Selfless
I sit here at my window, fingers slowly moving up and down the stem of this very fine silver goblet. The wine is so good. The moment worth contemplation. I breath in the aromas before I sip, and let the warmth flow through me, relax.
Spencer let me keep the clay pigeon. He said it was my prize. I wiped the floor with him again; he panics you see, you've got to keep your nerve. Bring the sights up into the flight of the target, slow squeeze. Pow! Simple!
The shooting range is only a short walk from here. I don't go very often but Spencer is regular as clockwork, every Thursday. So I take myself down there every so often, just to show him who is top shot, so to speak. I say to him, 'Why play at all, if you don't play to win;' that was our family motto. Of course I'm a good sport and ask him around for a drink after; but he's always got to go. Kids or someone needing him.
Father taught me to shoot years ago, on the Hemmington- Hursts country estate. I never lost the knack. My family were well thought of you see. We had money. We were always being invited to dine with the finest; and the parties we had. Oh such a hoot. Wonderful times, wonderful wonderful times. Twenty three rooms our house had, and it's own pools, inside and out of course.
Then there was Jenny.
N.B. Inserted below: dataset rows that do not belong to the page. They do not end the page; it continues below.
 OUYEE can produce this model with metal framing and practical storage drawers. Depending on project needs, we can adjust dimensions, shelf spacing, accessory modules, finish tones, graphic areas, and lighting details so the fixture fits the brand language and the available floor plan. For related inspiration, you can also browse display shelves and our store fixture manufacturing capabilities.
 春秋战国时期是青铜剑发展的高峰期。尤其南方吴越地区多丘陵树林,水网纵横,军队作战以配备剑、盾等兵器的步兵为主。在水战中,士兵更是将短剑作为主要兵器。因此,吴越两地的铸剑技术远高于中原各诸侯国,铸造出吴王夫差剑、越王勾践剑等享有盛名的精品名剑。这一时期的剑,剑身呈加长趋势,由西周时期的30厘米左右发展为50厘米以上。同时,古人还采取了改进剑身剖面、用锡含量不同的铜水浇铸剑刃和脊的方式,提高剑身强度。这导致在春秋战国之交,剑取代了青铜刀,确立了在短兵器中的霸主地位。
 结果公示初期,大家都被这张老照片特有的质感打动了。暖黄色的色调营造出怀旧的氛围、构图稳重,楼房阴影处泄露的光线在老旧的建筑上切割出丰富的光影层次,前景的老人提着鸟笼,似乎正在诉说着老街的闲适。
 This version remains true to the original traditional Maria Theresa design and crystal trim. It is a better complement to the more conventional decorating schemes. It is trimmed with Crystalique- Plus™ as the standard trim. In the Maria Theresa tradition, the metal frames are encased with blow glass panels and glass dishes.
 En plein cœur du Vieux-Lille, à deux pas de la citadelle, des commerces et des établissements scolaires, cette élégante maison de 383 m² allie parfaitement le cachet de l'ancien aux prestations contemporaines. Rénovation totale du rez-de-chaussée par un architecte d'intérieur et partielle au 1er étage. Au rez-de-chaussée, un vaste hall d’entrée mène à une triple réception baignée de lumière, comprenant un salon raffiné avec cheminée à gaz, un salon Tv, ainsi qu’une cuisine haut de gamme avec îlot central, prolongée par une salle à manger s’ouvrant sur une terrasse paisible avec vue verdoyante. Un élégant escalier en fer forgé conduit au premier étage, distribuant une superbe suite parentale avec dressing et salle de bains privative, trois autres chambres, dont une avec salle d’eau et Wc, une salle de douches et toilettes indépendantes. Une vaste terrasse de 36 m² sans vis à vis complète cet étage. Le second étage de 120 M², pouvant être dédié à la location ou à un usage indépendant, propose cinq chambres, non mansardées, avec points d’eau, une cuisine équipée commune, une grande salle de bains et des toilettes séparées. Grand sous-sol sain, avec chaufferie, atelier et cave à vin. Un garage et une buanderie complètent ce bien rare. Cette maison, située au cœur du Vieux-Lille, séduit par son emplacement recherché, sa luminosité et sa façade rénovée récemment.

Jenny and I were an item then. Well for a short while after Uni, but I guess we kind of drifted apart. Last I heard, she was saving tigers in some far off god forbidden country. I told her she was crazy to get into all that environmental mumbo jumbo. No money in anything like that.
She sent a postcard a few years ago, it's still on the fridge.
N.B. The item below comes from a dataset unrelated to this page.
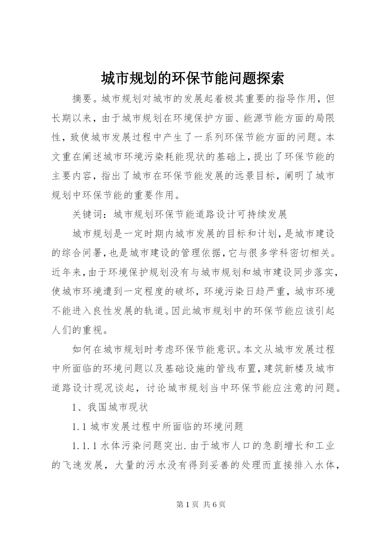 第PAGE\*Arabic\*MERGEFORMAT6页共NUMPAGES\*MERGEFORMAT6页城市规划的环保节能问题探索摘要。城市规划对城市的发展起着极其重要的指导作用,但长期以来,由于城市规划在环境保护方面、能源节能方面的局限性,致使城市发展过程中产生了一系列环保节能方面的问题。本文重在阐述城市环境污染耗能现状的基础上,提出了环保节能的主要内容,指出了城市在环保节能发展的远景目标,阐明了城市规划中环保节能的重要作用。关键词:城市规划环保节能道路设计可持续发展城市规划是一定时期内城市

Then the global crash. Father lost it all. Everything down the Swanee, almost overnight. Father's health never recovered. Mother was taken in by her sister. Dear Aunt Sylvia. I wasn't able to get up to Glenmore to see her very much in those last few years, long way from London.
My little brother David flunked College, ended up, with an Ozzie wife and moved out there. Four kids, Byron, Tracy... I can't remember the names of the other two. He didn't make much of himself. A supermarket manager in Queensland. I said, 'Have you any bargain beans today, any specials I should know about. Have you had your chips or are you in a jam David'. He takes it all in jest. I don't hear from him these days.
I'm between jobs at the moment. Waiting for something special to come along. Maybe one of my old school pals will have something for me? Jenkins or Bodkers or Parlow? I wonder what they are all doing now?
The washing machine has been broken for three weeks now. I never can work out how this washer fits back into the door mechanism. I've a list of things that I need a little help with. But there's no one to ask.